The 'Almost Anti' Laser
To build a workable resistor, the Yale team needs to build in varying degrees of light transfer efficiency, just as an electronics engineer would build resistors with varying degrees of resistance: 50 percent, 25 percent, and so forth, Jude explained.
But to build a better optical resistor, the anti-laser would have to become the "almost anti" laser.
"If they can tune this device so that at least some light can get through, in varying quantities, it could be useful in the passive optical domain," Jude said.
Right now, however, the Yale scientists are working on just the opposite problem: how to get their anti-laser to absorb 99.999 percent of incoming light, the theoretical limit. The current version absorbs 99.4 percent.
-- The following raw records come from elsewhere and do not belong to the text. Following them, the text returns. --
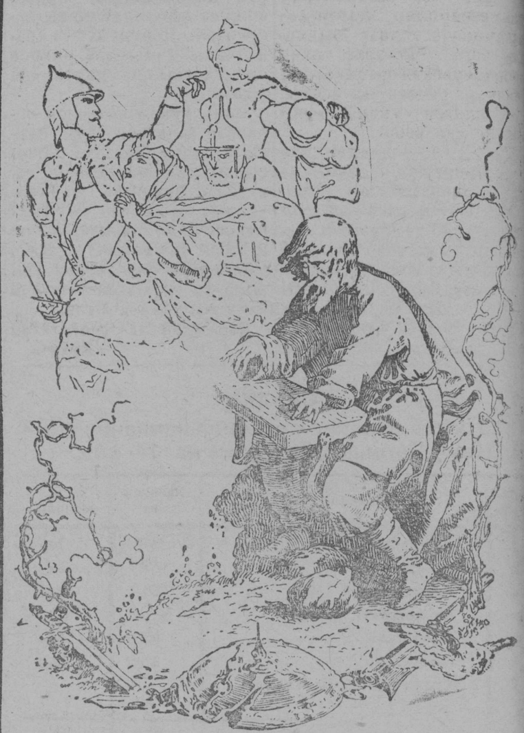
На снимке: Иллюстрация худ. Зичи (1853 г.) к „Слову о полку Игореве“, изданному в 1854 году, в переводе Н. Гербеля

К 750-летию „Слова о полку Игореве“ В мае Советский Союз отмечает 750-летие гениального произведения древне-русской эпической поэзии „Слова о полку Игореве“—дошедшего до наших дней письменного памятника древне-русского творчества 12 века, оказавшего огромное влияние на русскую литературу.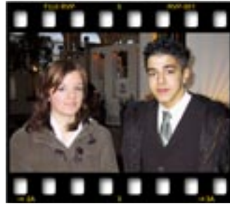
Hakikaten güzel değil miyiz?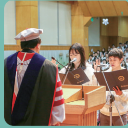
기독교 신앙에 기초한 교육철학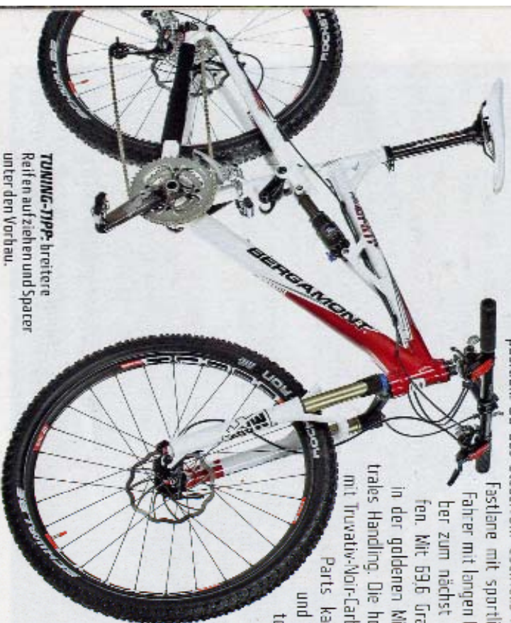
TUNING-TIPP: breitere Reifen aufziehen und Spacer unter den Vorbau.

FAZIT: Das Fastlane überzeugt mit einem feinfühligem wie effizientem Hinterbau und wertiger Ausstattung. Die Sitzposition fällt eher kurz aus.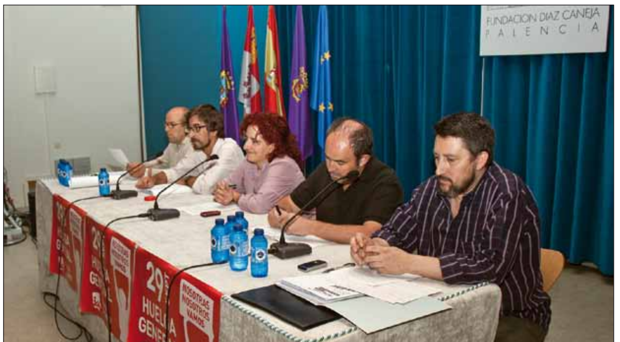
Representantes de los sindicatos en la Mesa Redonda convocada por I.U. sobre la Reforma Laboral

La estrategia es muy clara: socialicemos las pérdidas (para los de abajo) y privaticemos las ganancias (para los de arriba) . Que el Estado, o sea todos y todas, se quede con aquello que es deficitario que las grandes empresas se repartirán el pastel. El problema es que cuanto más cogen algunos, menos nos queda a los demás. Y SÓLO HAY UN PASTEL.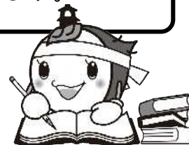
川越市マスコットキャラクター ときも

採用試験の費用には市民の皆さまの貴重な税金が使われております。 試験を申し込まれる方は 必ず受験されるよう お願いいたします。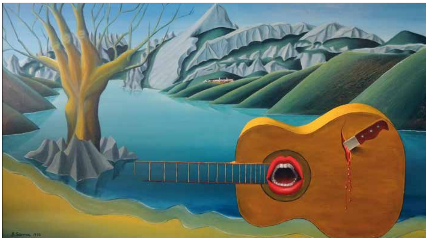
“Riaño: El grito de un pueblo”: Óleo de Blas Sierra. Realizado en 1975, en protesta contra el embalse de Riaño.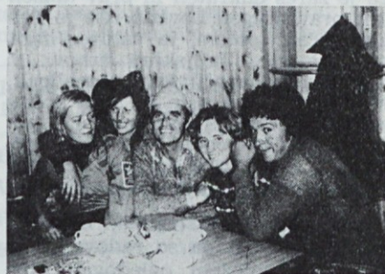
Topla kočica in prijateljstvo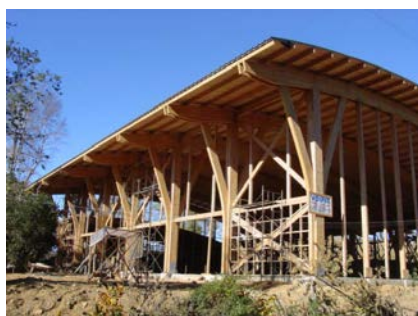
Construcción de techumbre, abril 2003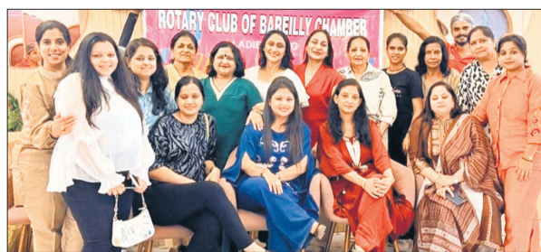
कार्यक्रम में मौजूद क्लब से जुड़ी महिलाएं।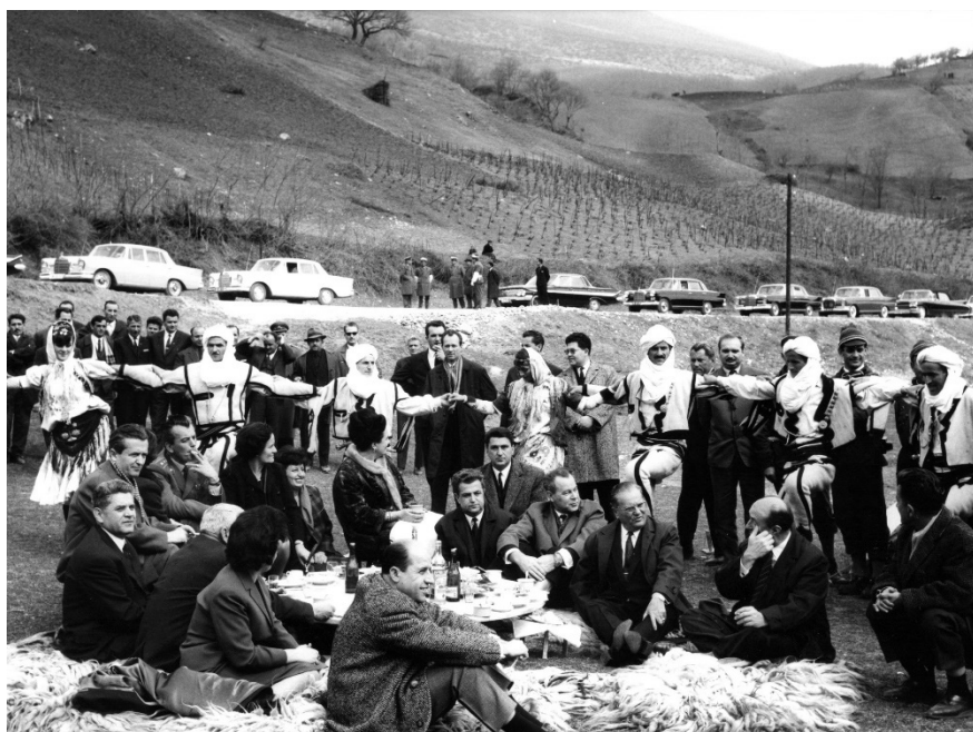
Посета Јосипа Броза Тита Косову и Метохији. Обилазак Руговске клисуре, 28. март 1967 (МЈ, 1967-330-050)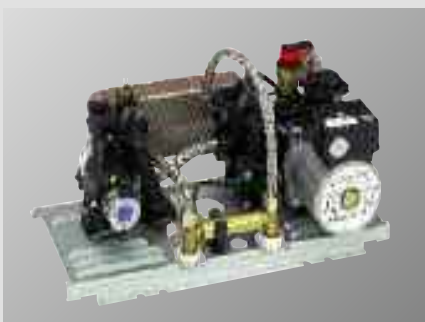
Il gruppo compatto Acqua Block facilita le operazioni di manutenzione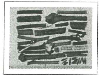
市售地上部藥材特徵圖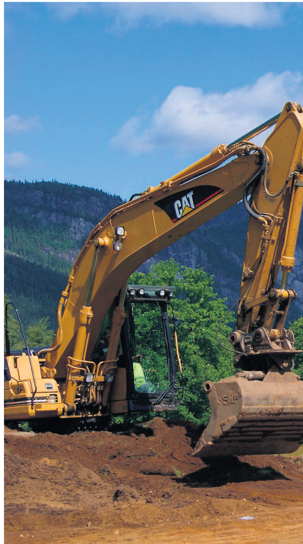
UTGRAVING: Med gravfeltet i bakgrunnen.

Ei av gravene belyser denne brytningstida godt. I grava blei det gjort nokre særse spennande funn. Det er eit sjeldan sverd, og eit av dei flottaste vikingsverda gjort i Noreg. Populært vart det kalla Langeidsverdet, og det var nesten heilt intakt med ei lenge på 91 cm. Då sverdet vart funne var det meste av overflata brun og dekkja av eit lag med rust. Røntgen av grepet viste at under laget med rust var det edle metall. Etter 400 timar med konservering vart hjaltet fri for rust og det viste seg å vere rikt dekorert med sølv, gull og koppar.

"The CPA we built is just a proof of concept," Stone told TechNewsWorld. "I'm confident we will start to approach the theoretical limit as we build more sophisticated CPAs."
Greater sophistication -- as Apple has repeatedly proven -- means smaller size. Future CPAs will likely shrink, from the current one centimeter width to six microns, much smaller even than a human hair.
Shrinking may prove utterly necessary if the device is deployed in great numbers, Michael Jude explained.
"One of the virtues of optical computing is that it doesn't leave much residual heat -- but as the anti-laser absorbs light, it produces heat," Jude said. "In technologies that use CPAs in quantity, that could lead to some real heat dissipation limitations."